Ощущая неудачу в попытках наладить контакт с высоколобой интеллигенцией, Хрущев обратился к писателям, близким ему по социальному происхождению, – казалось, они лучше его поймут. Первым стал Александр Твардовский, один из главных провозвестников «оттепели». В июле 1957 года Хрущев встретился с ним и предложил вновь занять пост редактора «Нового мира», оставленный Симоновым. Он также решил перепоручить сложные вопросы культуры, литературы, искусства, философии и истории чиновникам ведомств, заведующих культурой, образованием и пропагандой. Сеть этих ведомств включала в себя соответствующие отделы ЦК КПСС, министерства образования и культуры, КГБ, секретариаты профессиональных и творческих союзов и Президиум Академии наук. При всей централизации и дублировании функций этот бюрократический монстр был отнюдь не монолитен. Некоторые ключевые чиновники – Петр Поспелов, Дмитрий Поликарпов, Екатерина Фурцева – были сторонниками прямого контроля над культурой и ее творцами[228]. Другие, в том числе хорошо образованные помощники Хрущева Игорь Лебедев и Игорь Черноуцан, сами были страстными поклонниками искусства и предпочитали постепенные шаги к либерализации художественной и интеллектуальной жизни[229].

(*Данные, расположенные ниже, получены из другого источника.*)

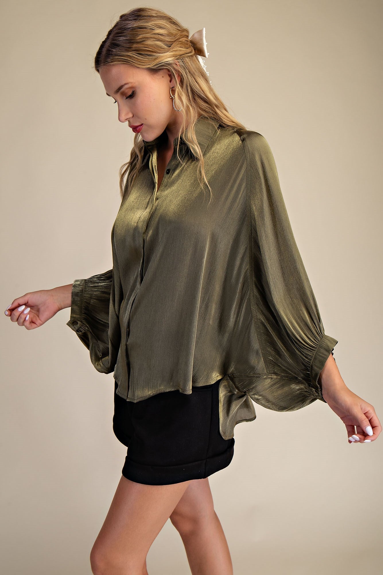 This Olive Button Cape Shirt features a refined cape-style silhouette crafted from olive shimmer fabric, lending a subtle glow to your look. Made from 100% polyester, it offers lightweight comfort and graceful drape, making it an elegant addition to any sophisticated wardrobe.
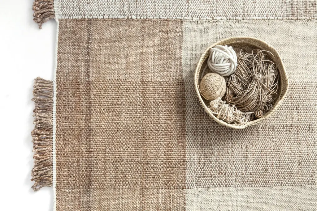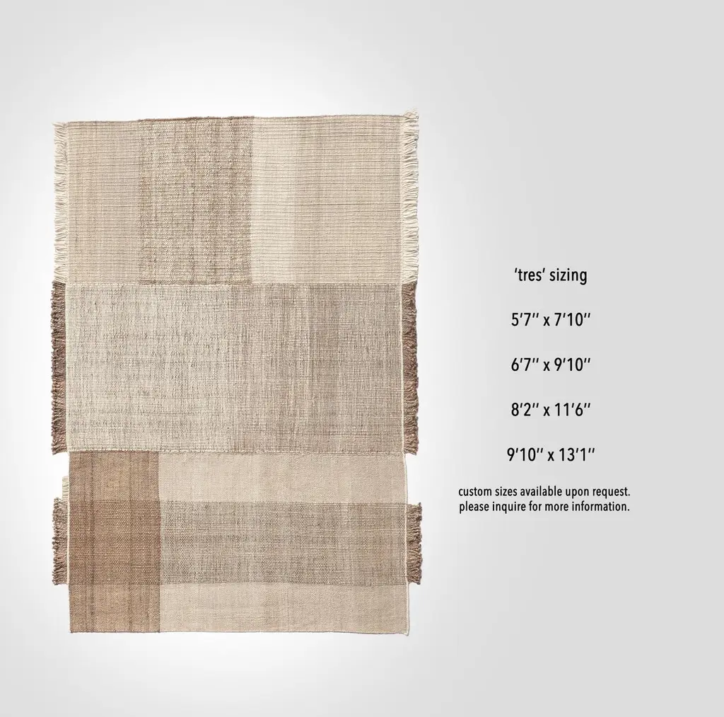 Extra large 'tres vegetal' hand-loomed rug for Nanimarquina.Fabricated from a natural blend of New Zealand wool, felt, and jute, 'Tres Vegetal' is a traditional Indian flat-weave Dhurrie rug. Its unique quality lies in the production of three independent parts in which the different fibers are allowed to shine. The commingling of the materials highlight subtle changes in tone and irregularities in the weave, bringing the handmade nature of this pattern brilliantly to life. The addition of biodegradable Jute in this 'Vegetal' version of the rug emphasizes the brand's passion for nature.Nani Marquina founded her namesake company in 1987 in Barcelona. More than 30 years later, the company continues to offer artisanal rugs worldwide without compromising on design, quality, or aesthetics. Each rug is crafted with respect for the environment, with outdoor rugs made from 100% recycled PET in an innovative process that reduces up to 70% of water waste.Price is per item. Available in unlimited quantities in four standard sizes. This listing is for the extra large-sized rug. Custom sizes available upon request for an additional fee and with extended lead times possible.In-stock lead time 2-3 weeks. Out of stock or custom sizing can add additional 14 weeks or more. Inventory availability subject to change at any time.Please note that due to the organic and handmade nature of this fiber some variation in color may occur from piece to piece, which may become further pronounced with prolonged exposure to sunlight. Only one representative example of the rugs is shown in the images.Also note this item must ship directly from Nanimarquina’s fulfillment center, so 1st Dibs arranged shipping and local pick-up are not an option. Shipping cost quoted is per item and cannot be combined.Hand made to order. All sales are final.

Постепенно волна арестов среди студентов и интеллигенции пошла на спад. Статистика по новым политическим заключенным говорит сама за себя: в 1959 году их было 750, что вдвое меньше, чем в предыдущем году. Снижение продолжалось до конца хрущевской эпохи[230]. Преемники Сталина хотели привлечь образованную молодежь на свою сторону. В конце 1956-го и в течение 1957 года партийные лидеры и лекторы, а также функционеры КГБ регулярно выступали перед студентами МГУ. Их задача была восстановить доверие молодежи к политике Кремля[231]. Представители КГБ подчеркивали, что о возвращении к эксцессам сталинизма не может быть и речи и рассуждали о «социалистической законности»[232]. В то же время для снижения протестных настроений в среде студенчества, как уже говорилось, были восстановлены некоторые практики прошлого, в частности, введена квота на поступление в вузы детей интеллигенции и приняты меры по увеличению среди студентов доли «детей рабочих и колхозников». Также выпускники школ не могли теперь поступать в вузы без прохождения двухлетней «производственной практики», то есть работы на фабрике или на заводе[233]. Членство в комсомоле стало обязательным для всех студентов и старших школьников. К 1958 году число членов ВЛКСМ выросло до 18,5 миллиона, а в 1962 году – до 19,4 миллиона. Дальше расти ему было просто некуда[234]. Власти надеялись, что такие меры не позволят студенческой молодежи пойти по пути своих радикальных предшественников из дореволюционной интеллигенции.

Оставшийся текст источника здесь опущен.